-- Problem details --
Each line from the first line of the entries through the line holding "ASOS LUXE Curve" is to be restated word for word; nothing else, and no picture, belongs in the answer.

-- Supplied data --

┌────────

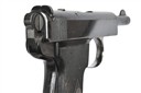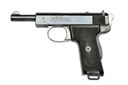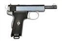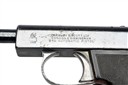 circa 1912, with blued exposed 5in. barrel, blued slide with top ejection aperture and push-button release, the left side with maker's name and address, grip safety, exposed hammer, blued frame with plated trigger guard bow, chequered hard rubber grips, the left with lanyard loop at heel and detachable magazine, much finish remaining
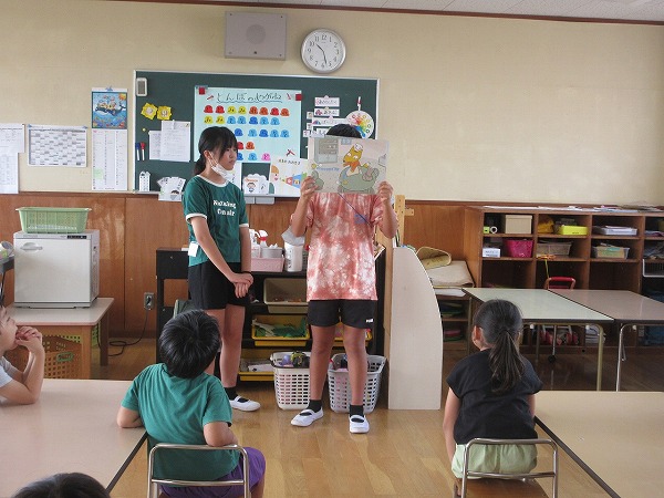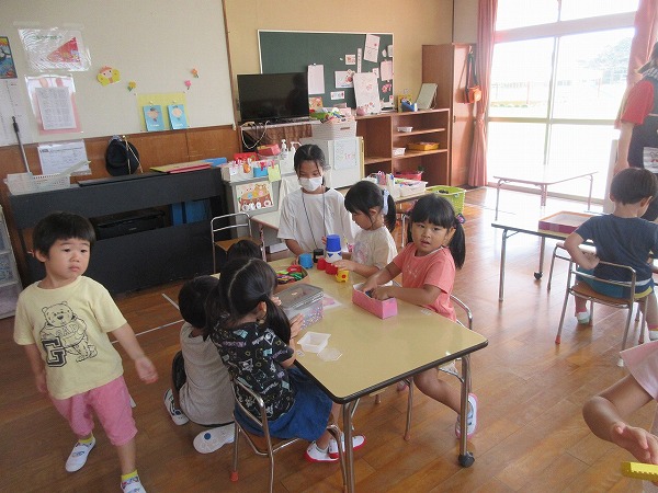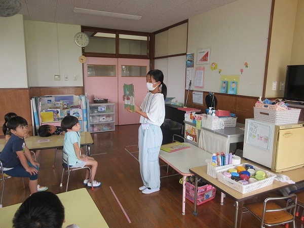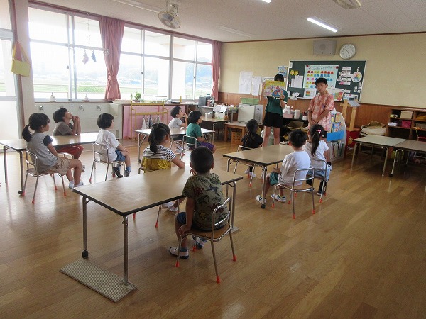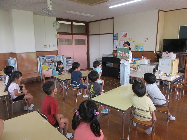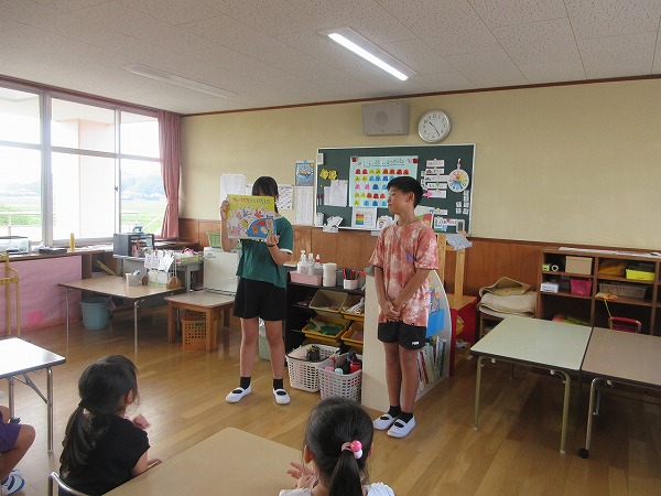 今日は山田小学校6年生の3名のお兄さん、お姉さんが夢ぴったり体験で保育園に来ました。一緒に体操をしたり、遊んだり、紙芝居を読んでもらったりして、子ども達も喜んでいました。小学生のお兄さん、お姉さんも良い経験が出来たのではないでしょうか。
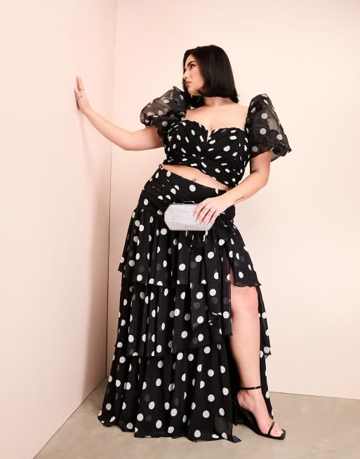 ASOS LUXE Curve - Gonna lunga in organza a balze con volant e motivo a pois monocromatico in coordinato
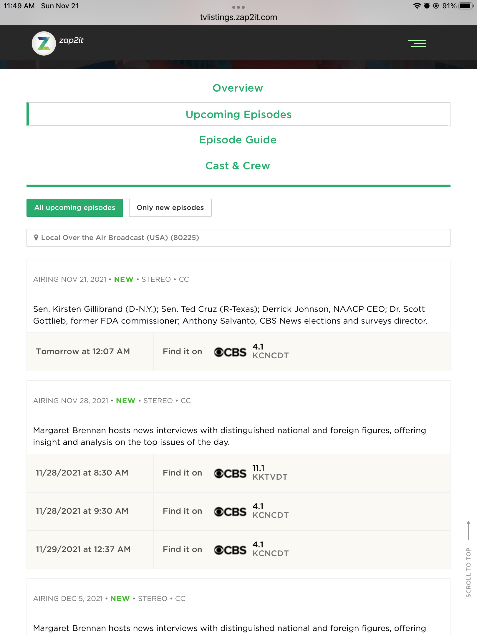 Face the Nation in the Denver market is often split into two segments. Yesterday, Channels DVR showed such a split. This morning, the previously scheduled Sunday 9:30AM recording never happened. Zap2it show now shows a single segment scheduled later overnight and my Channels DVR local guide matches.
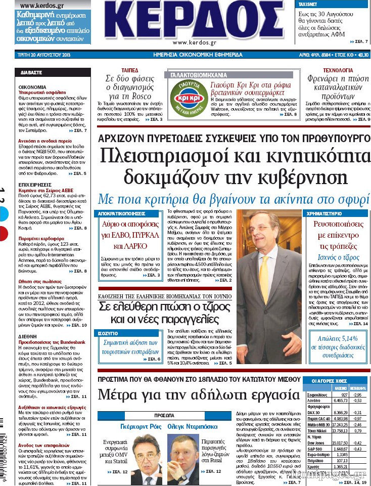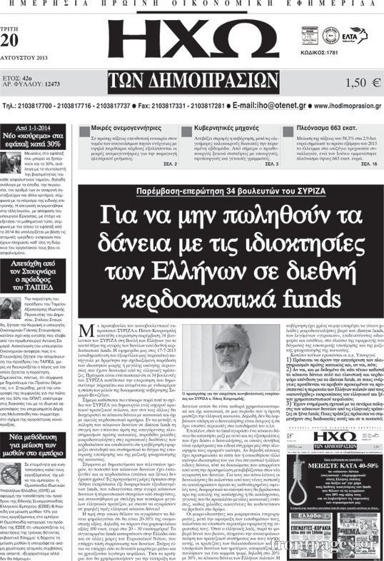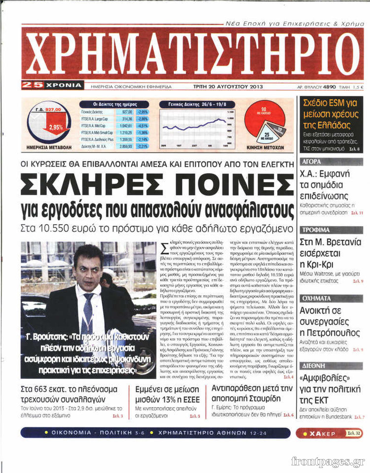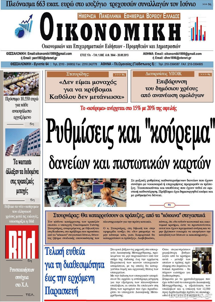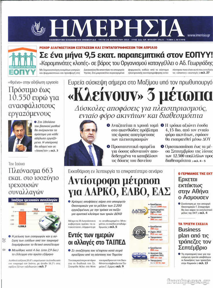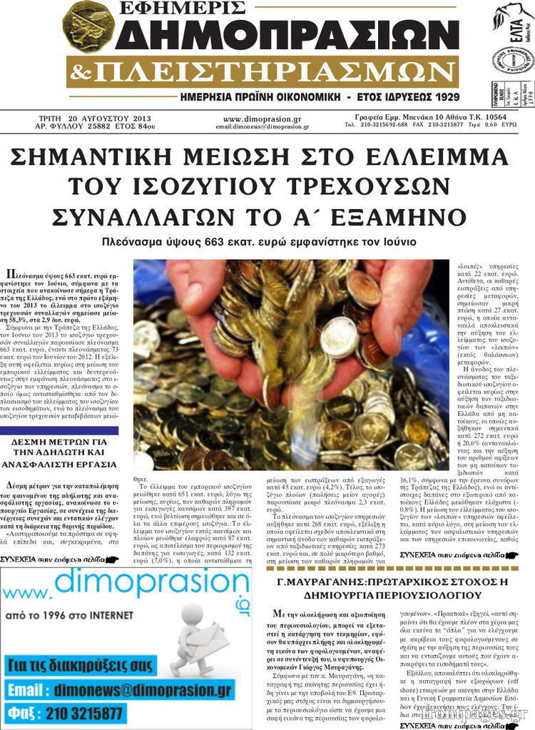 Οι oικονομικές εφημερίδες Enikos Newsroom 08:48, Τρίτη 20 Αυγούστου 2013 Media Οι oικονομικές εφημερίδες Διαβάστε τα πρωτοσέλιδα των οικονομικών εφημερίδων: ΕΦΗΜΕΡΙΔΕΣ ΟΙΚΟΝΟΜΙΚΕΣ ΕΦΗΜΕΡΙΔΕΣ ΠΡΩΤΟΣΕΛΙΔΑ Μοιράσου το: σχολίασε κι εσύ (0 σχόλια) Ακολουθήστε το enikos.gr στο Google News και μάθετε πρώτοι όλες τις ειδήσεις Δείτε όλες τις τελευταίες ειδήσεις από την Ελλάδα και τον Κόσμο στο enikos.gr Ειδήσεις Ροή Ειδήσεων 7 ώρες πριν Μητσοτάκης: Αναγκαία η μεταρρύθμιση του πρωτογενούς τομέα – Τα 6 νέα μέτρα για το στεγαστικό και οι αναφορές σε «Ιθάκη» και «πολιτικούς του καναπέ» 6 ώρες πριν Δάνεια σε ελβετικό φράγκο: Τα βασικά σημεία της ρύθμισης – ανάσας για 40.000 δανειολήπτες – Αναλυτικός οδηγός με ερωτήσεις και απαντήσεις 6 ώρες πριν Κυψέλη: Εξιτήριο πήρε η 14χρονη μαθήτρια που μαχαιρώθηκε από την 16χρονη σε σχολείο – «Θέλω να βοηθήσω το παιδί, έχει μπλέξει με κακές παρέες» 6 ώρες πριν Τραμπ: Γιατί κατέθεσε τώρα την αγωγή κατά του BBC – Πώς η κίνησή του εξυπηρετεί το νέο δόγμα του για «αντίσταση» στην Ευρώπη, υπέρ των συντηρητικών 7 ώρες πριν ΟΠΕΚΕΠΕ – Παράνομες επιδοτήσεις: Ελεύθεροι με περιοριστικούς όρους και οι 7 κατηγορούμενοι που απολογήθηκαν σήμερα 6 ώρες πριν Ανακαλύφθηκε βυθισμένη πέτρινη κατασκευή ανοιχτά της Κριμαίας – Αποτελεί μέρος αρχαίας ελληνικής αποικίας 7 ώρες πριν Ύπνος: Αυτό μπορεί να είναι το χειρότερο λάθος για το βιολογικό ρολόι σας, σύμφωνα με ειδικό 8 ώρες πριν Αριθμολογία: Οι άνθρωποι που έχουν γεννηθεί αυτές τις 3 ημερομηνίες, προσελκύουν μεγάλη τύχη πριν από το τέλος του 2025 10 ώρες πριν Οι 7 συμπεριφορές που μαρτυρούν ότι ένας άνδρας επενδύει μακροπρόθεσμα σε μια σχέση 9 λεπτά πριν Παλαιστινιακό: «Η λύση των δύο κρατών είναι ο μόνος βιώσιμος δρόμος», τόνισε η Ελλάδα στο Συμβούλιο Ασφαλείας του ΟΗΕ 17 λεπτά πριν Ελένη Καρακάση: «Ένιωθα πολύ αδικημένη, δεν μπορούσα να ελέγξω τον εαυτό μου σε δύσκολες στιγμές» 25 λεπτά πριν Κλαούδια Σέινμπαουμ προς Ντόναλντ Τραμπ για φαιντανύλη: Να επιτεθούμε στα αίτια κατανάλωσης αντί να την κατατάσσουμε στα «όπλα μαζικής καταστροφής» 33 λεπτά πριν Ρωσία: Ουκρανική επίθεση με drones στο Κρασνοντάρ – Δύο τραυματίες, ζημιές σε σπίτια και διακοπή ρεύματος 41 λεπτά πριν Αντόνιο Ταγιάνι: Νομικά εμπόδια για τη χρήση των ρωσικών κεφαλαίων υπέρ της Ουκρανίας ENIKOS NETWORK Αίτημα ΙΣΑ για την εξαίρεση των προσωπικών γιατρών από τις κατ’ οίκον επισκέψεις Η σκανδιναβική μέθοδος στον ύπνο που μπορεί να σώσει έναν γάμο Πιερρακάκης: Ο προϋπολογισμός συμβάλλει ουσιαστικά στην ενίσχυση της αγοραστικής δύναμης της πλειονότητας των εργαζομένων e-ΕΦΚΑ: Παρατείνεται η προθεσμία για την υποβολή ΑΠΔ – Ποιους αφορά Σύγχρονος Νοστράδαμος: Προειδοποιεί για «μεγάλο γεγονός» τους επόμενους μήνες που θα συγκλονίσει τη Βρετανία και τον κόσμο Τεστ παρατηρητικότητας: Μπορείτε να βρείτε τις 3 διαφορές στις εικόνες με έναν πιγκουίνο σε 14 δευτερόλεπτα περισσότερα 20:06 , Τρίτη 16 Δεκεμβρίου 2025 Ο ΣΚΑΙ καταγγέλλει τον ΕΚΚΟΜΕΔ Επιστολή με την οποία καταγράφει την έντονη διαμαρτυρία του προς τον διευθύνοντα σύμβουλο του... 17:40 , Τρίτη 16 Δεκεμβρίου 2025 Eurovision: Στις 4 Ιανουαρίου αποκαλύπτονται τα 28 τραγούδια του ελληνικού τελικού Η αγωνία τελειώνει, η γιορτή της Eurovision αρχίζει στην ΕΡΤ από τις πρώτες ημέρες της νέας χρ... 17:09 , Τρίτη 16 Δεκεμβρίου 2025 Alter Ego Media: Βαθύτατη θλίψη και ειλικρινή συλλυπητήρια για την απώλεια της Ειρήνης Μαρινάκη Τη βαθύτατη θλίψη και τα ειλι

└────────

-- Reply to the exercise --
 circa 1912, with blued exposed 5in. barrel, blued slide with top ejection aperture and push-button release, the left side with maker's name and address, grip safety, exposed hammer, blued frame with plated trigger guard bow, chequered hard rubber grips, the left with lanyard loop at heel and detachable magazine, much finish remaining
 今日は山田小学校6年生の3名のお兄さん、お姉さんが夢ぴったり体験で保育園に来ました。一緒に体操をしたり、遊んだり、紙芝居を読んでもらったりして、子ども達も喜んでいました。小学生のお兄さん、お姉さんも良い経験が出来たのではないでしょうか。
 ASOS LUXE Curve - Gonna lunga in organza a balze con volant e motivo a pois monocromatico in coordinato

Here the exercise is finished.